> [INPUT FOR THIS TASK]:
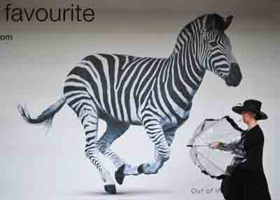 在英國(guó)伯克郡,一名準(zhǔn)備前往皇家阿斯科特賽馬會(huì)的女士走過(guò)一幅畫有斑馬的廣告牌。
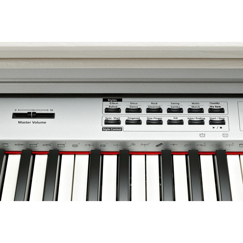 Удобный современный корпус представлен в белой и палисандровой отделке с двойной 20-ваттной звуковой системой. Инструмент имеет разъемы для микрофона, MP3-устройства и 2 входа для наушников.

...

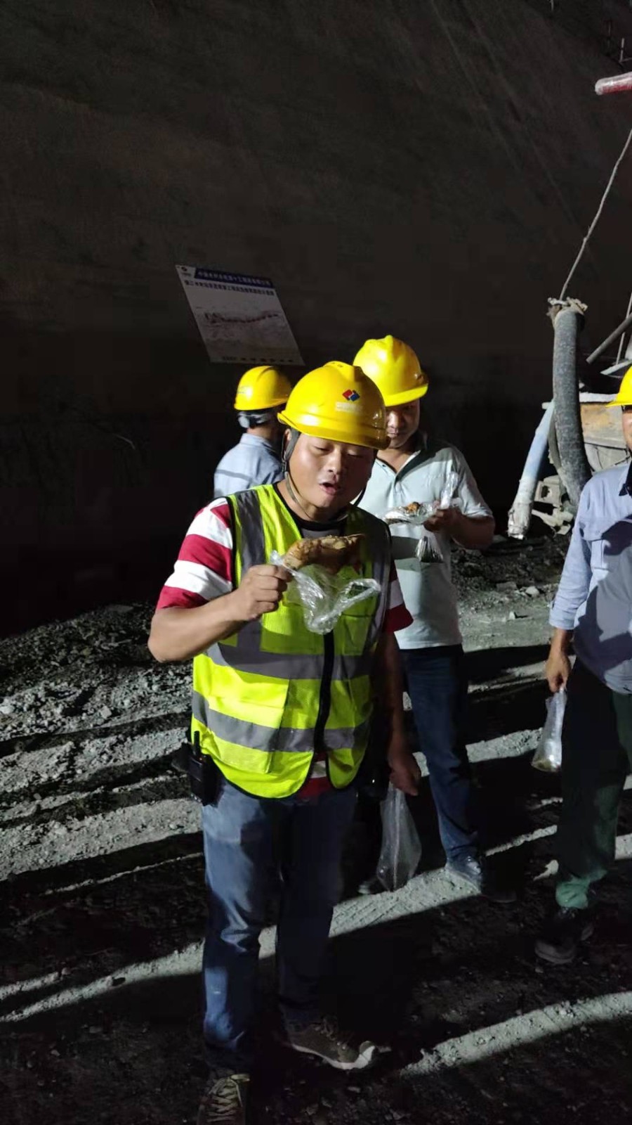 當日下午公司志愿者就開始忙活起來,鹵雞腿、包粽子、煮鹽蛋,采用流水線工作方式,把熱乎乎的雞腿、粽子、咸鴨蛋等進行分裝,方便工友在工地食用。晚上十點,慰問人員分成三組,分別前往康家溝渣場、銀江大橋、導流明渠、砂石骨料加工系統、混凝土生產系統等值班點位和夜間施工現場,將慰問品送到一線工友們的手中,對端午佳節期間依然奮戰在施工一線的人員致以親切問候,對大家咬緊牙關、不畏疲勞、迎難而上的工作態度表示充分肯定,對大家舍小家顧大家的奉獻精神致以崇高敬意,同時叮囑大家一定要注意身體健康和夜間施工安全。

--

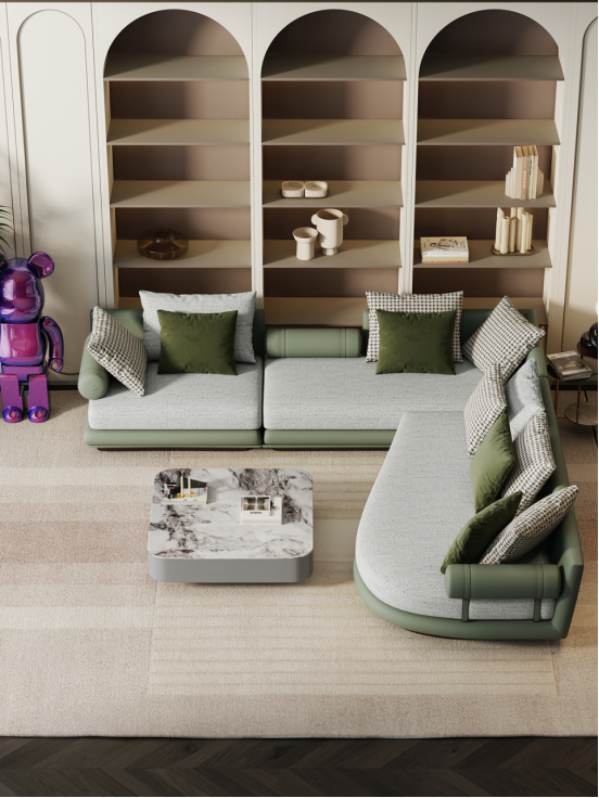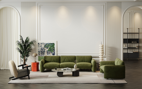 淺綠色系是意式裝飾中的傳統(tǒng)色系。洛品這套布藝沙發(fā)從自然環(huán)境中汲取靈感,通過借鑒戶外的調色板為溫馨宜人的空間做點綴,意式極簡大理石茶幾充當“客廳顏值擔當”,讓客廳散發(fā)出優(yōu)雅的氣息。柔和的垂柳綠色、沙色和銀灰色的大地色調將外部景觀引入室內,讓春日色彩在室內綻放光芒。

> [WHAT YOU SHOULD DO]: Only one stretch of the entries above is needed: the lines from the one containing "在英國(guó)伯克郡,一名" through the one containing "Удобный современный корпус". Copy it exactly, without the pictures.

> [SOLUTION TO THIS TASK]:
 在英國(guó)伯克郡,一名準(zhǔn)備前往皇家阿斯科特賽馬會(huì)的女士走過(guò)一幅畫有斑馬的廣告牌。
 Удобный современный корпус представлен в белой и палисандровой отделке с двойной 20-ваттной звуковой системой. Инструмент имеет разъемы для микрофона, MP3-устройства и 2 входа для наушников.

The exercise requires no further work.